╭─ Dataset extract

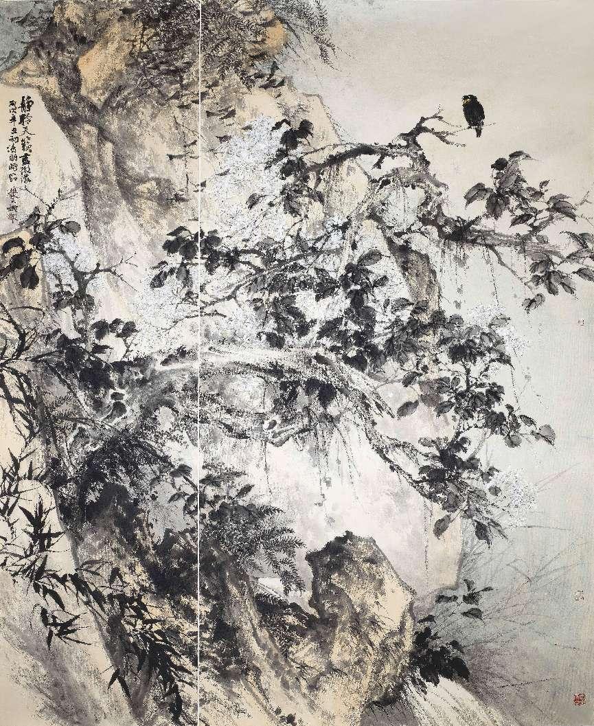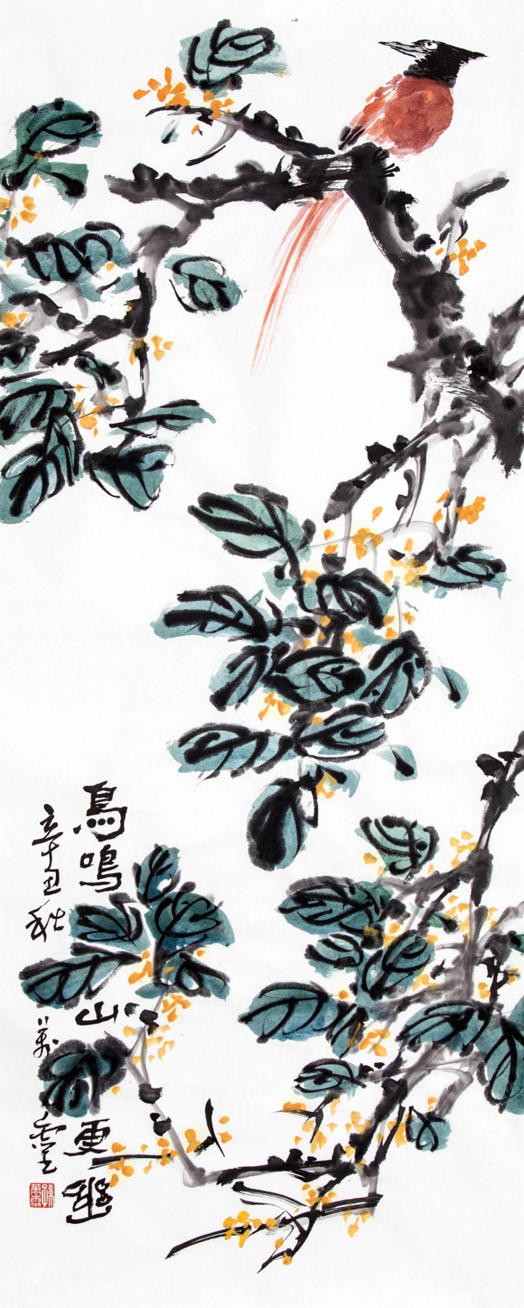 孙万灵《鸟鸣山更幽》中国画69×138厘米
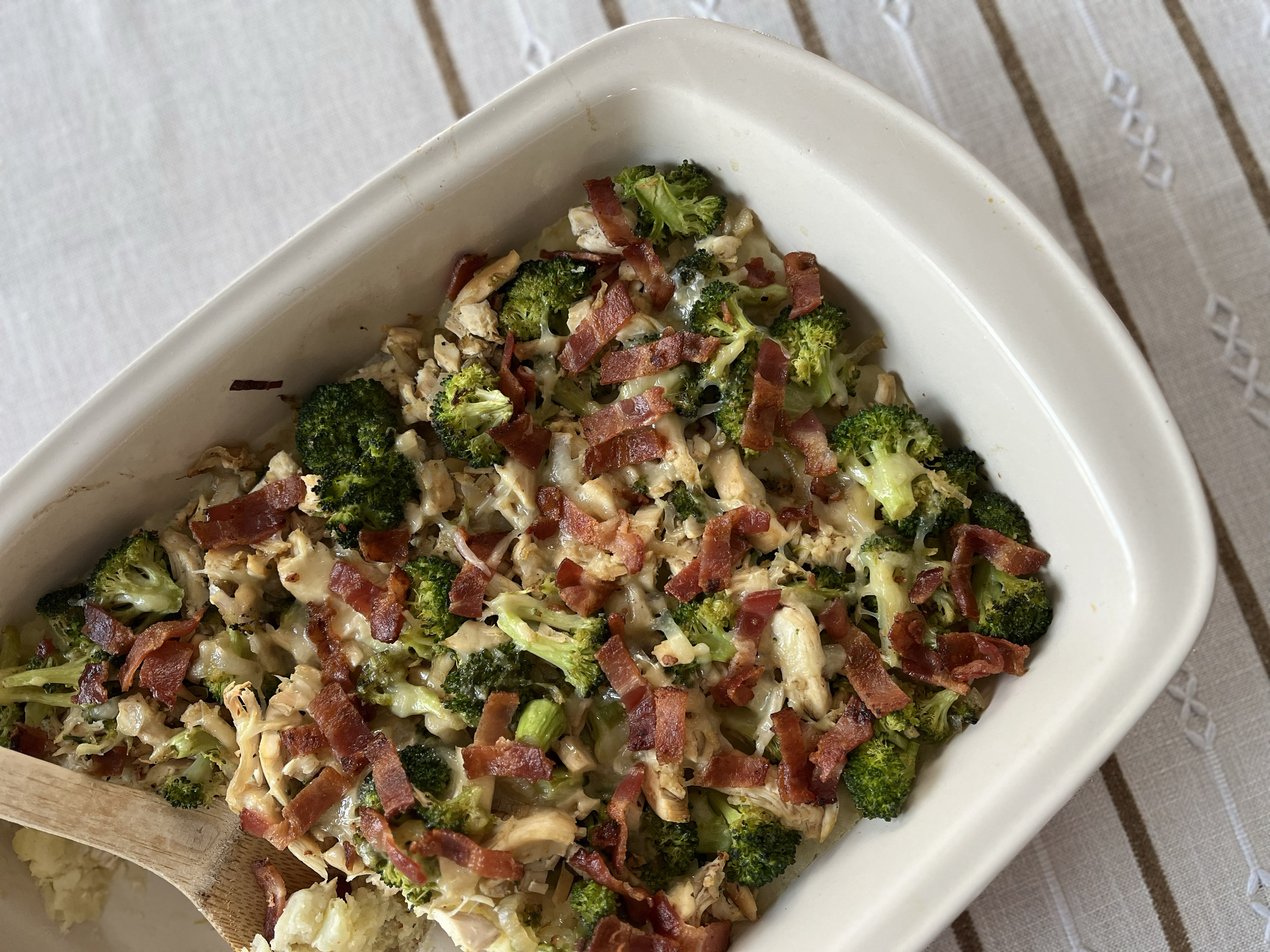 - Assemble Casserole: – Transfer potato mixture to a greased 9×13 inch casserole dish. – Layer cubed chicken over the potatoes. – Spread the broccoli and shallot mixture over the chicken. – Top with remaining cheddar cheese and chopped bacon.
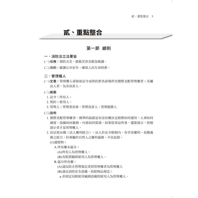 目前考選部公告應考範圍內容實在太多、法條實在繁雜,面對消防安全類考生而言「消防法規」一定是必考的考科,甚至公職考試也要考而且法條不定時修正公告,莘莘學子的方寸、腳步都亂了;因此,我們配合考選部頒佈『命題大綱』努力將消防法規做了適切的調整後呈現給大家,期望能充當考生們在茫茫大海中消防法規考科的燈塔。

╰─

Problem description
Every line of the material above should be repeated exactly, except for the pictures.

Exercise answer
 孙万灵《鸟鸣山更幽》中国画69×138厘米
 - Assemble Casserole: – Transfer potato mixture to a greased 9×13 inch casserole dish. – Layer cubed chicken over the potatoes. – Spread the broccoli and shallot mixture over the chicken. – Top with remaining cheddar cheese and chopped bacon.
 目前考選部公告應考範圍內容實在太多、法條實在繁雜,面對消防安全類考生而言「消防法規」一定是必考的考科,甚至公職考試也要考而且法條不定時修正公告,莘莘學子的方寸、腳步都亂了;因此,我們配合考選部頒佈『命題大綱』努力將消防法規做了適切的調整後呈現給大家,期望能充當考生們在茫茫大海中消防法規考科的燈塔。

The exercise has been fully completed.